De certa forma aquilo figura anseios de nossas almas. Quem não gostaria de recortá-la extirpando apenas o pedaço das dores? Ou, tendo vivido-as, poder deixá-las para trás, na porta dos fundos da lembrança apenas; melhor, se precisar sair pela dita porta poder pisá-las, limpar nelas os pés de uma realidade feliz que as deixou assim no chão?
Não ignoro que as dores vivenciadas, ou sentidas fazem melhor nossa alma, emprestando têmpera quanto às privações próprias e empatia com as alheias. O fato é que elas são um tanto relativas, para não dizer um muito.

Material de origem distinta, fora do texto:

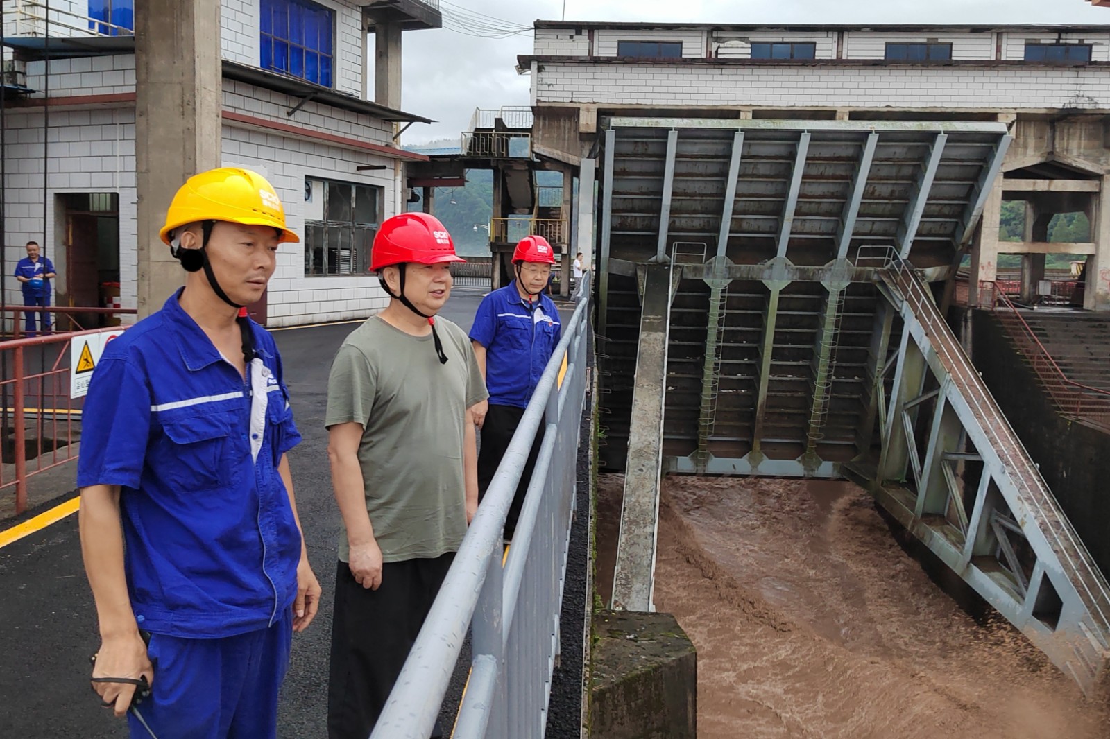 槽漁灘公司黨委書(shū)記、董事長(zhǎng)何光富,副總經(jīng)理蔣玉兵帶領(lǐng)相關(guān)部門(mén)負(fù)責(zé)人趕赴電廠,對(duì)電廠的設(shè)備設(shè)施和防洪工作進(jìn)行檢查,現(xiàn)場(chǎng)聽(tīng)取電廠負(fù)責(zé)人關(guān)于防汛工作的安排、部署及落實(shí)情況匯報(bào)。到庫(kù)區(qū)對(duì)竹菁?jí)?、董河河堤進(jìn)行認(rèn)真檢查,詳細(xì)了解水庫(kù)區(qū)域?qū)嵡椤?

A uns “dói” a calmaria que reputam tédio, e sonham com agitação; outros cuja “agitação” é desastrosa como o tufão nas Filipinas, tudo o que anelam é a calmaria. Tendemos a cotejar nossa sorte com os que estão numa situação melhor que a nossa e sofrer nossas “privações”; mas se o fizermos em face aos que estão e situação inferior, invés de privação encontraremos digitais da ventura. Esse tipo de dores são de produção própria, mercê de uma visão deformada da realidade, e tais, bem podemos recortar.

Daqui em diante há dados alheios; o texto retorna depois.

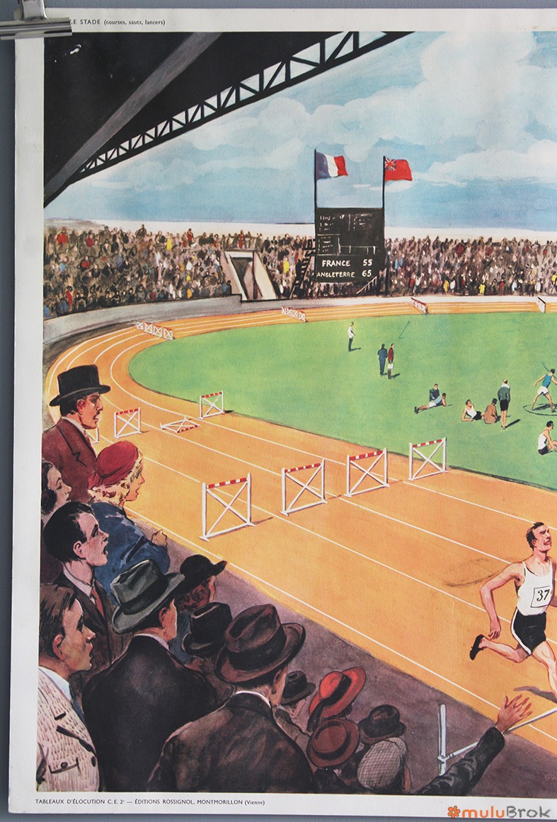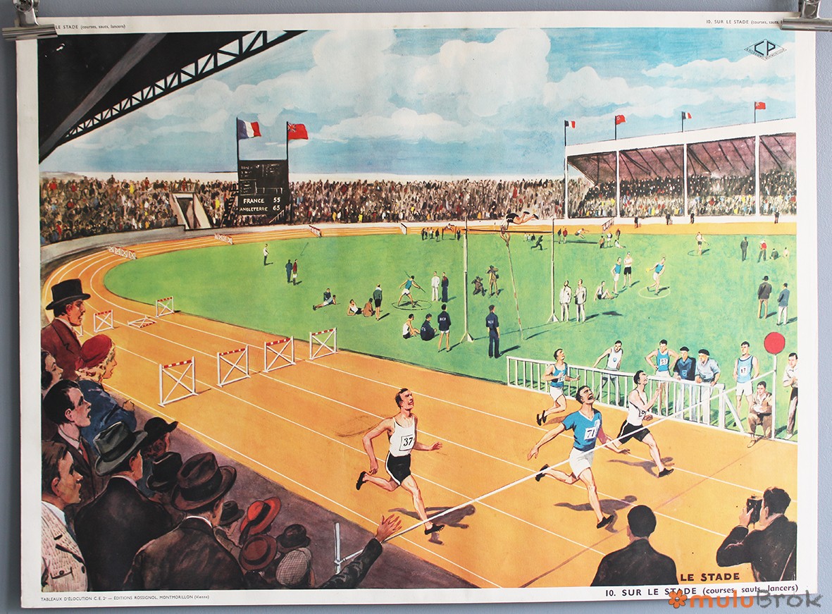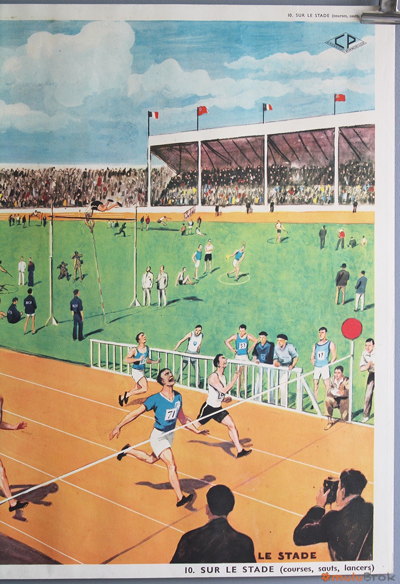 Recto : SUR LE STADE… courses, sauts, lancers…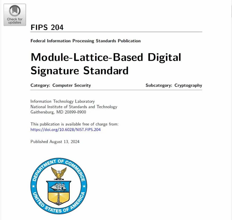 FIPS 204:作为数字签名的主要标准,该标准基于CRYSTALS-Dilithium 算法,用于数字签名任务,以保护信息的完整性、验证签名人身份;该算法已更名为ML-DSA(Module-Lattice-Based Digital Signature Standard的缩写),即基于模块格的数字签名算法。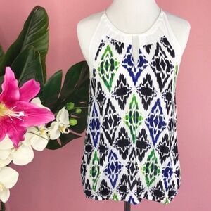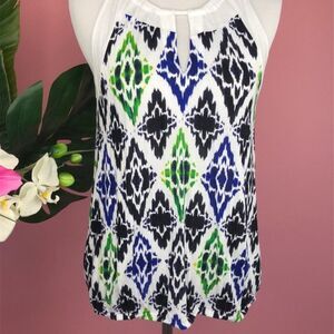 • Ann Taylor White Multi Ikat Design Keyhole Top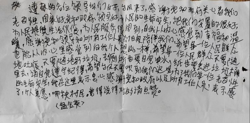 而10月7日那封手写感谢信递到手中,让金鑫和同事们红了眼眶,信中写道:“希望每一位人民群众不要随地吐痰,不要随地扔垃圾,去厕所也要自觉冲水,纸也要丢进垃圾桶里去,请自觉遵守纪律”“感谢党和政府及所有工作人员......”一字一句印证着同心协力的力量。“从冒雨协助每家每户撤离,到见证安置点里邻里间的互帮互助,那些瞬间都铭刻在我们心中,信中的话语,是对我们工作的莫大肯定,是激励我们前行的力量,更是一场家园的共同守护。”金鑫在朋友圈里写下这样的感慨。

Entretanto, há dores das quais somos inocentes; e, dessas, tudo o que podemos é haurir lições, crescimento. Salomão chegou a dizer que a tristeza do rosto faz melhor o coração, o que, facilmente se verifica. Pessoas de berço de ouro, de vida fácil, geralmente são arrogantes, prepotentes, superficiais, insensíveis... Aliás, o mais sensível de todos, Jesus Cristo, é chamado por Isaías de “homem de dores”.
Assim, as dores têm um quê de didáticas se fazem com que compreendamos melhor as diversas nuances da vida. Quanto mais sábio, vivido, esclarecido, alguém é, maior será sua percepção dos valores, sejam bons sejam maus. Como o mal prepondera nesse mundo caído, a boa índole associada ao discernimento faz do tal “privilegiado” refém de dores mais numerosas, pois, além das suas, divisa melhor as enfermidades alheias. Isso nos leva a concluir que Deus, dada Sua pureza e Onisciência, é o Maior sofredor do universo.

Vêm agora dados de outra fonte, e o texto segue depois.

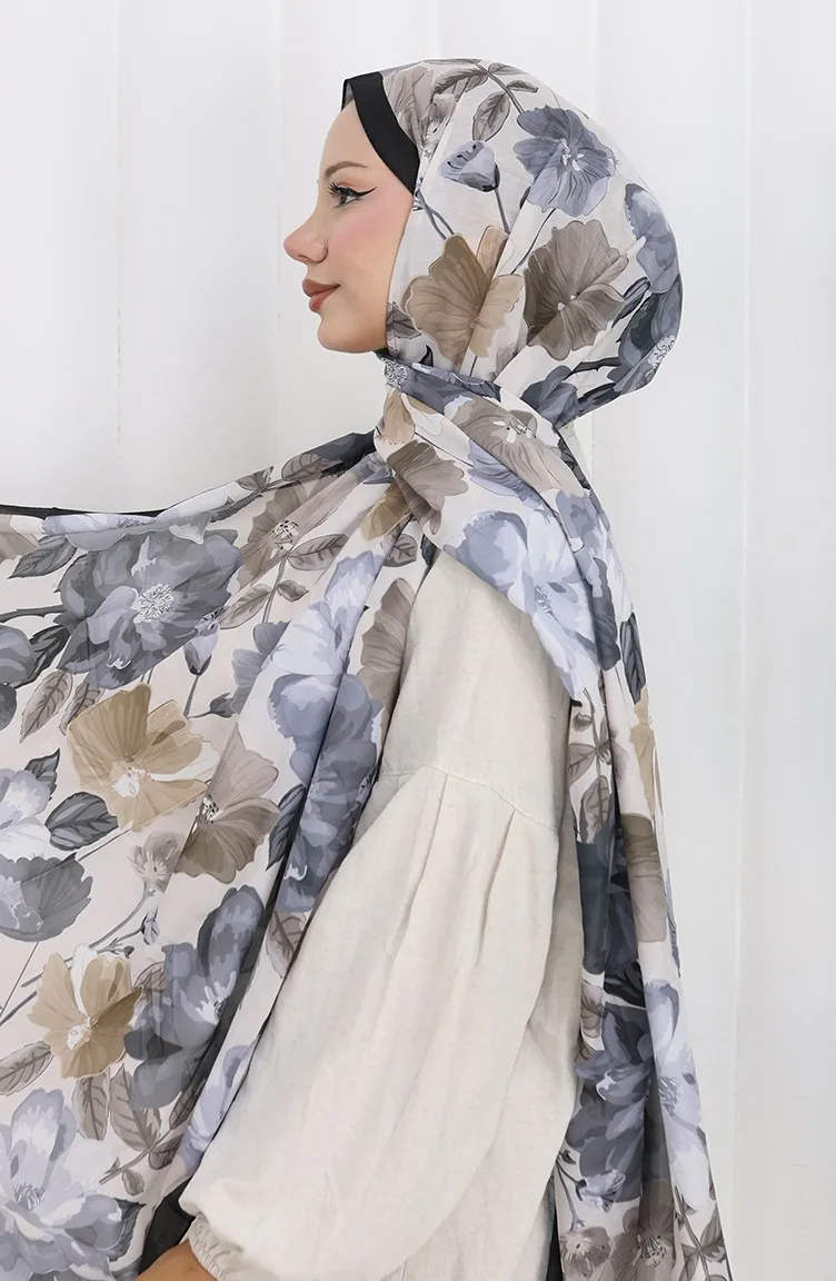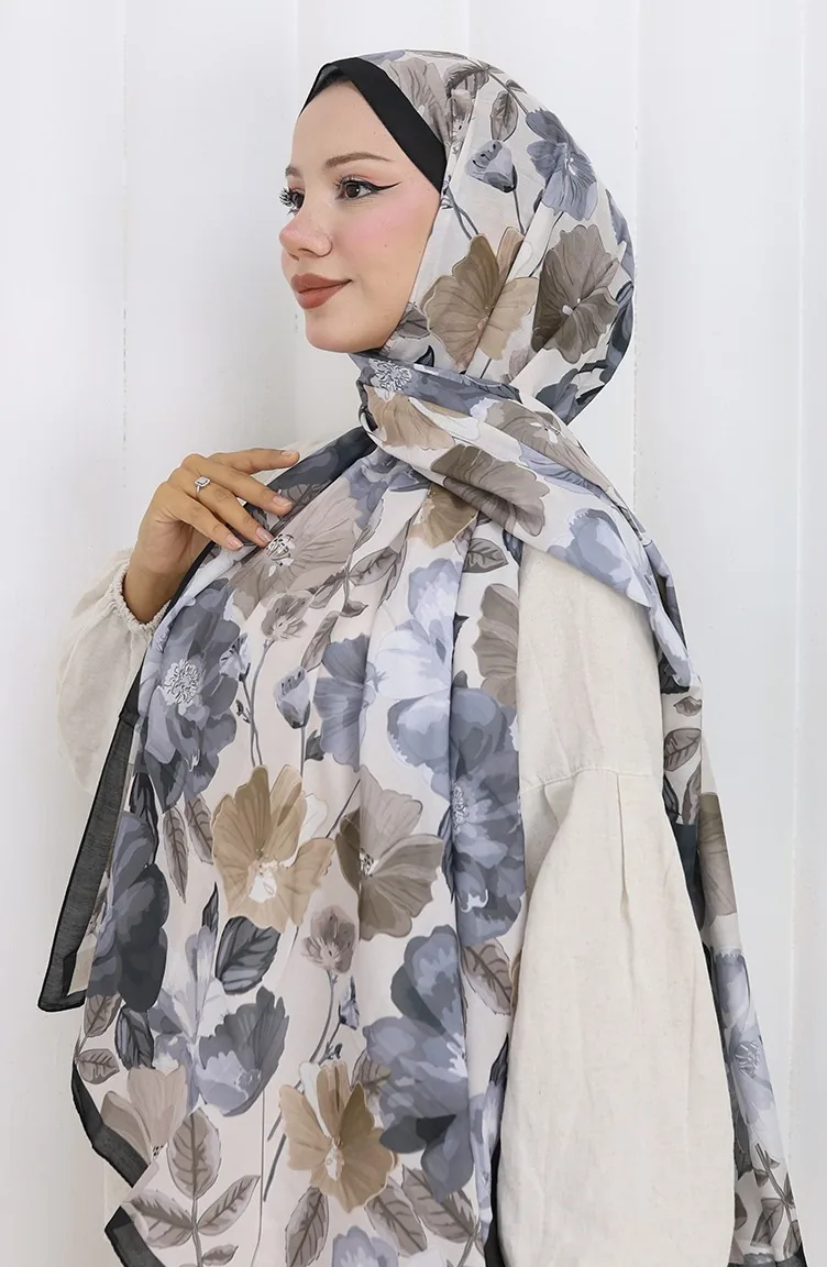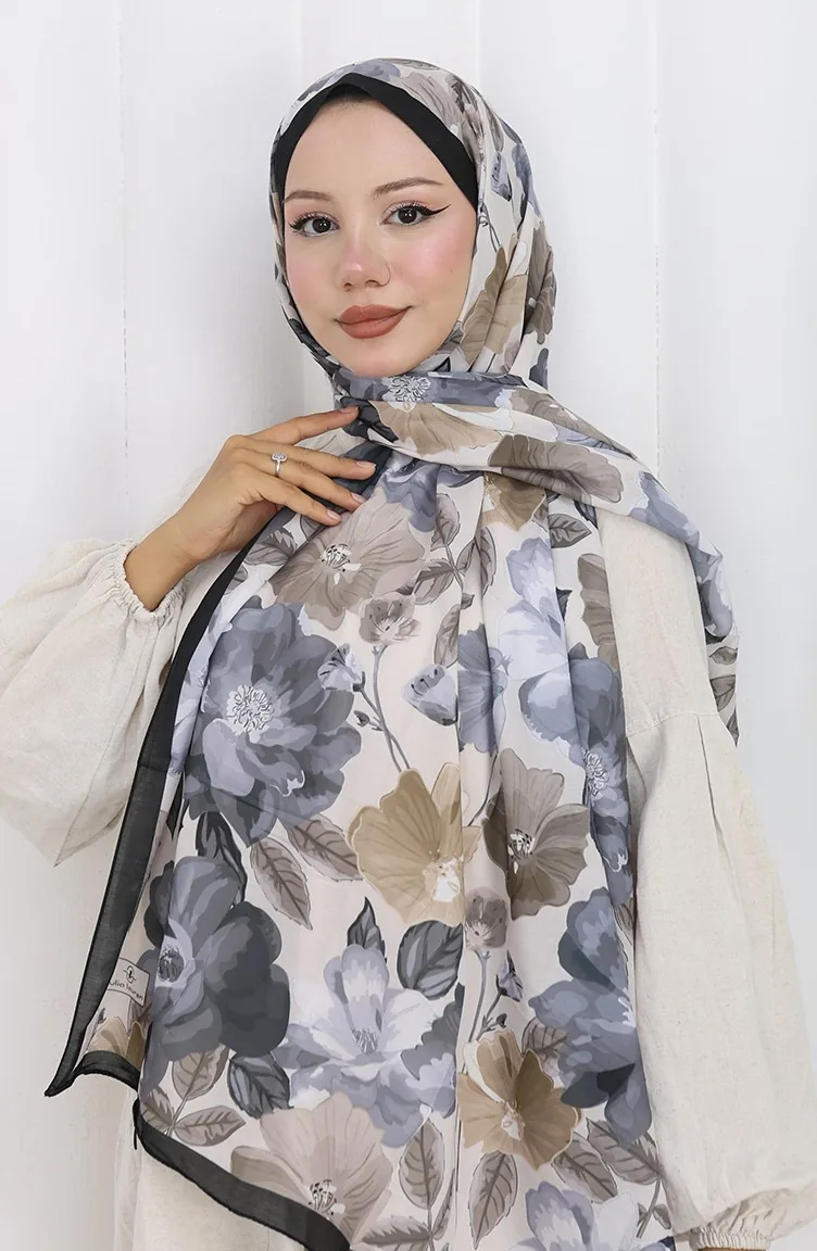 Desenli Pamuklu Koza Şal 70323-12 Siyah Vizon

Se nossas dores logram incutir em nossas almas alguma empatia, mínima que seja, ao bem conduzirmos nossas vidas nos padrões celestes estaremos “recortando” uma centelha do imenso mosaico do Coração do Eterno. Afinal Ele também anseia ser feliz; e o será, quando lograr extirpar o mal de vez; e junto às suas dores, fará sumir as nossas, enxugando toda lágrima.